There are several system dynamic management views (DMV) available in SQL Server, Azure SQL Server and now in SQL databases that allow to gather more information about indexes' fragmentation and usage. Let's look at the most important information available based on the indexes create in the previous posts. As the data were probably purged from the views, it's needed to run first the select queries based on the SalesLT.Product from the previous post.

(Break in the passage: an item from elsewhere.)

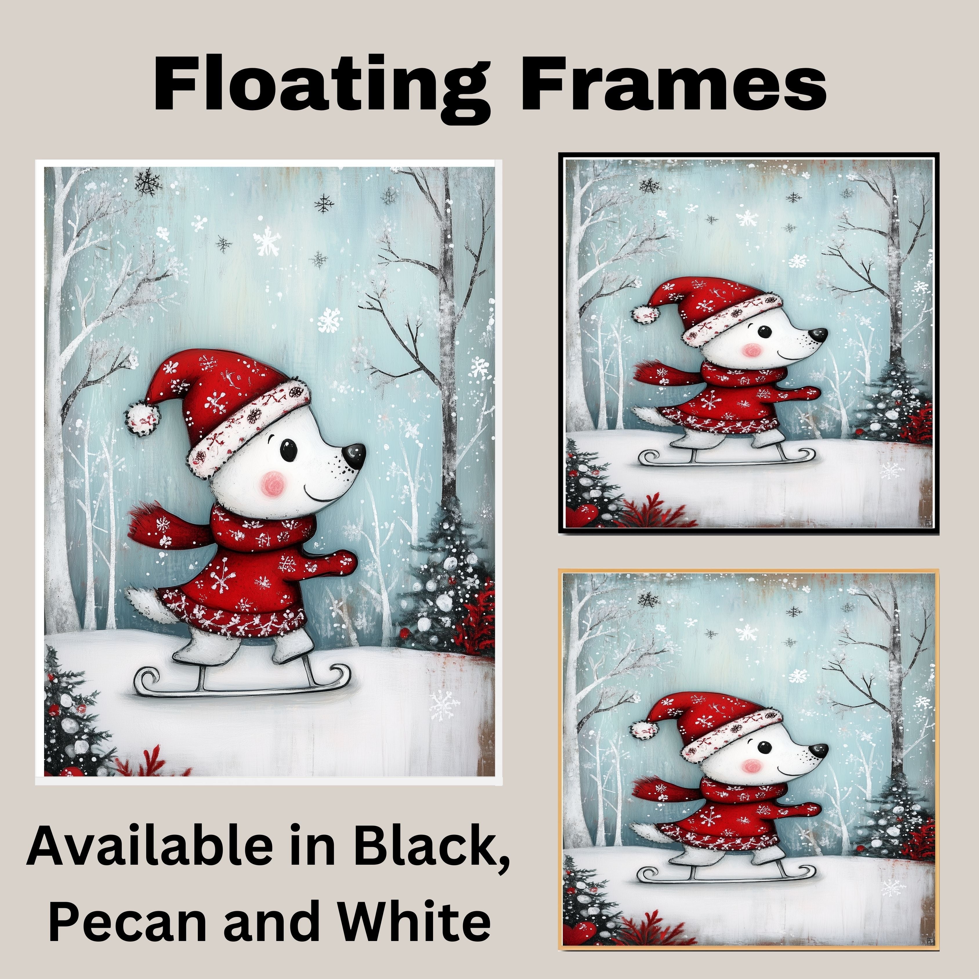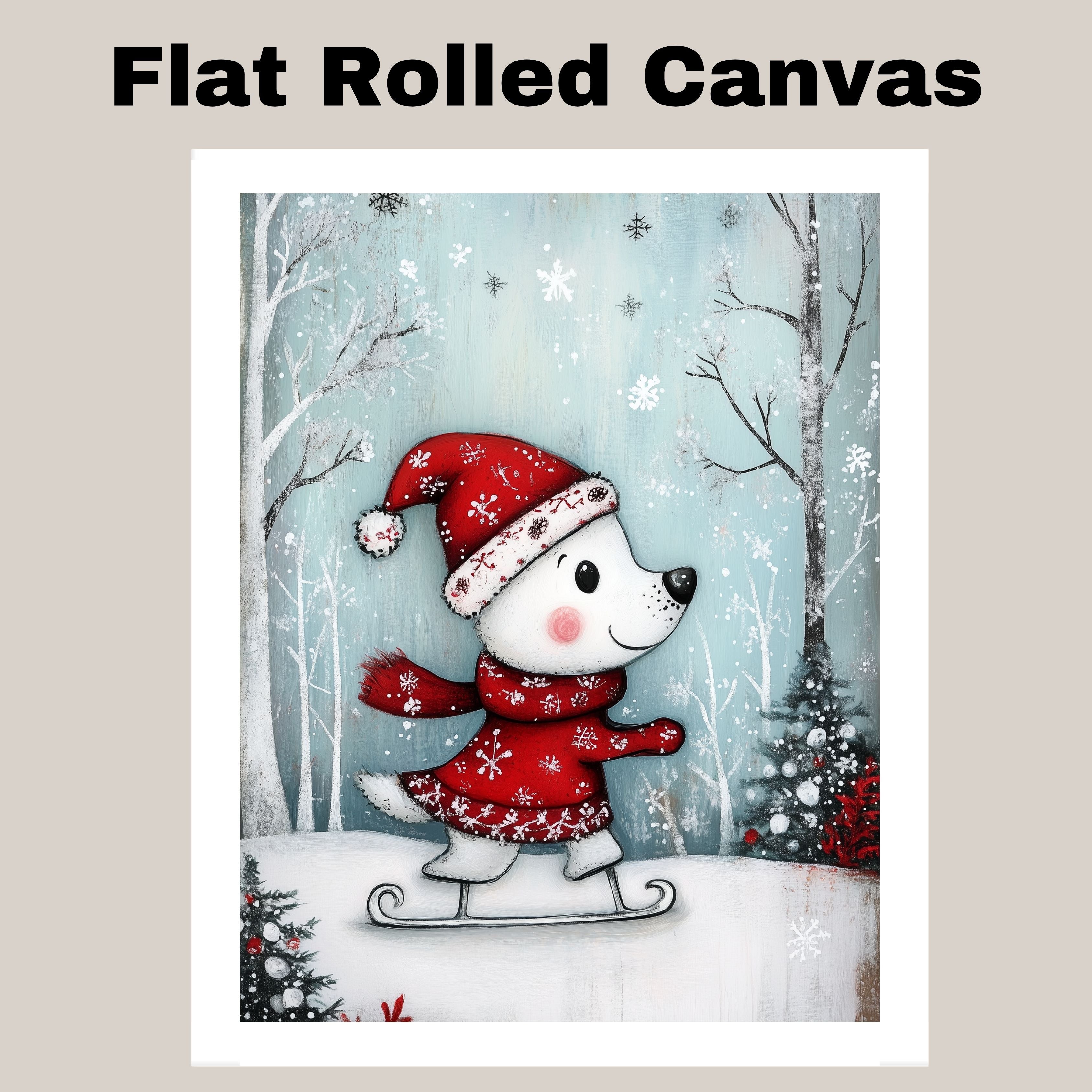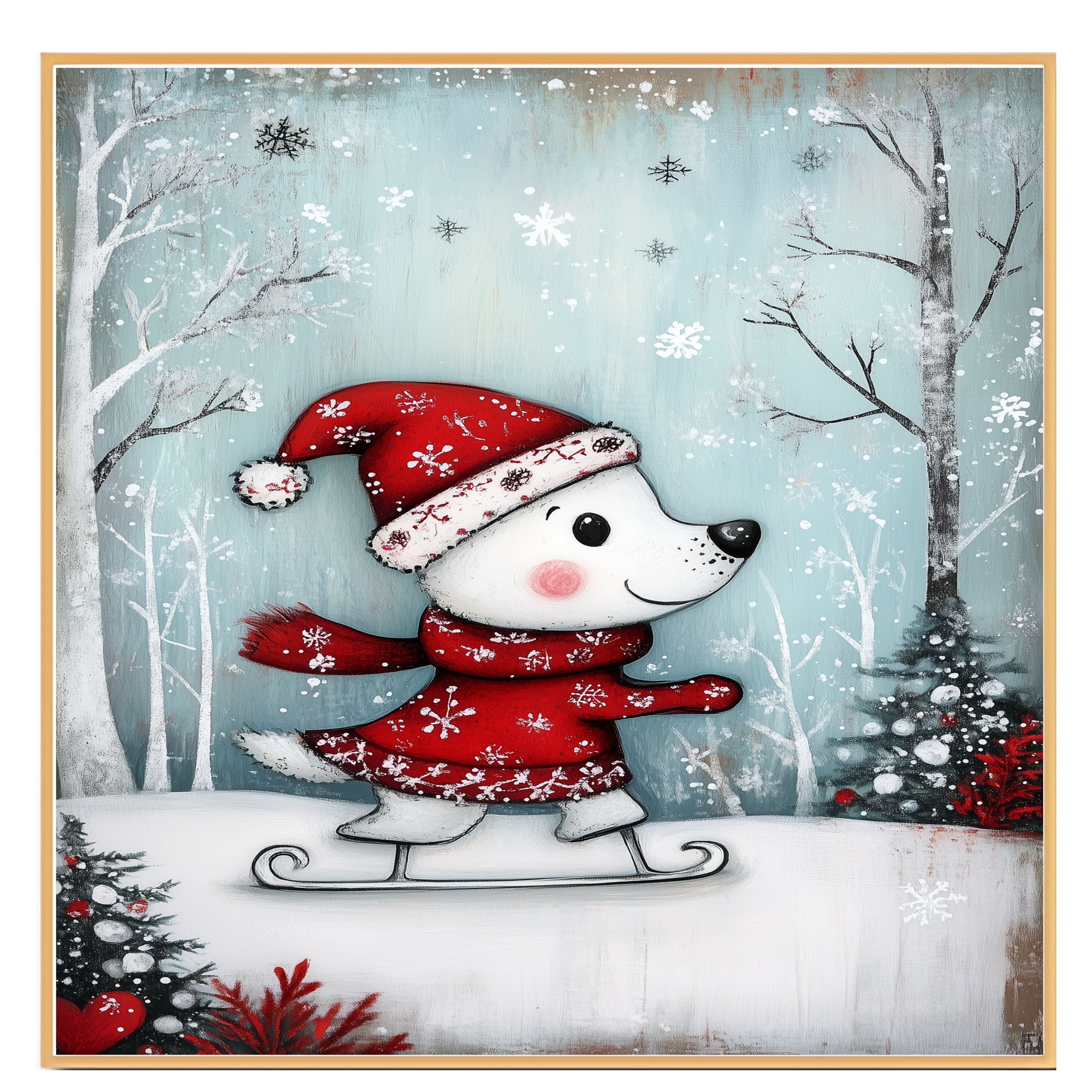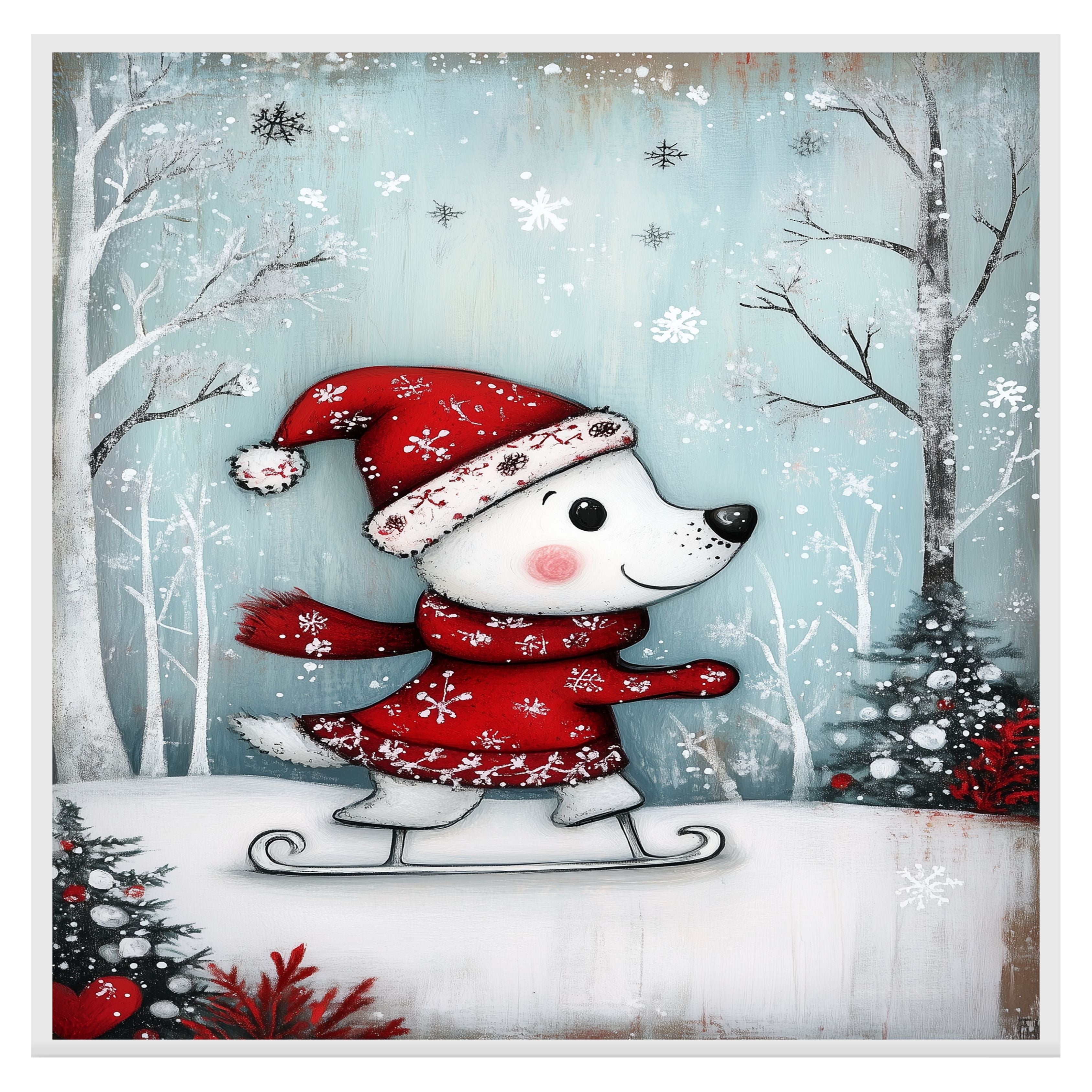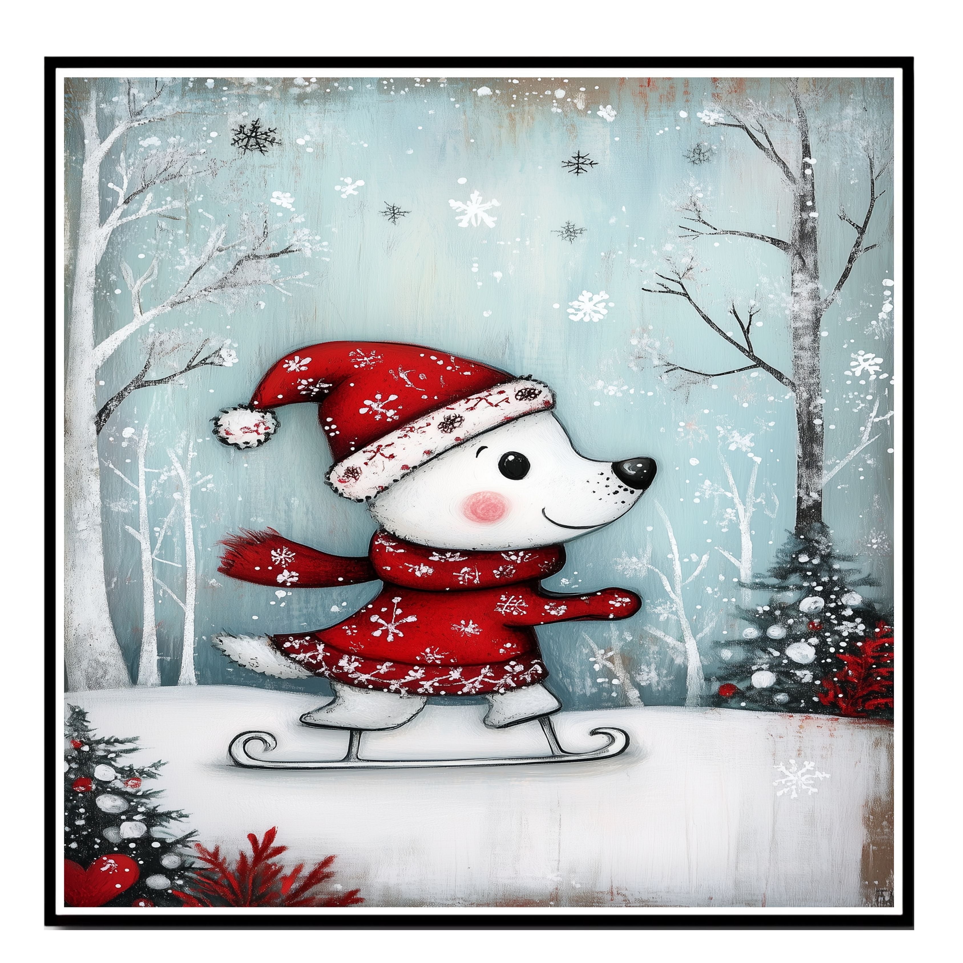 Bring a smile to your winter decor with this delightful Christmas dog illustration. This cheerful white pup is all bundled up in a red snowflake sweater and Santa hat, gliding across a snowy landscape on skates. With a charming expression and a bright seasonal palette, this piece adds warmth and joy to any space. Perfect for a nursery, entryway, or holiday gallery wall, it also makes a heartwarming gift for dog lovers and festive decor enthusiasts.

This step is important, otherwise the DMVs might return no records!

One starting point is to use the sys.dm_db_index_physical_stats DMV to look at the indexes' size and fragmentation information for a given table (or view). The table is used usually as starting point for analyzing indexes' fragmentation and then defragment the indexes with high fragmentation.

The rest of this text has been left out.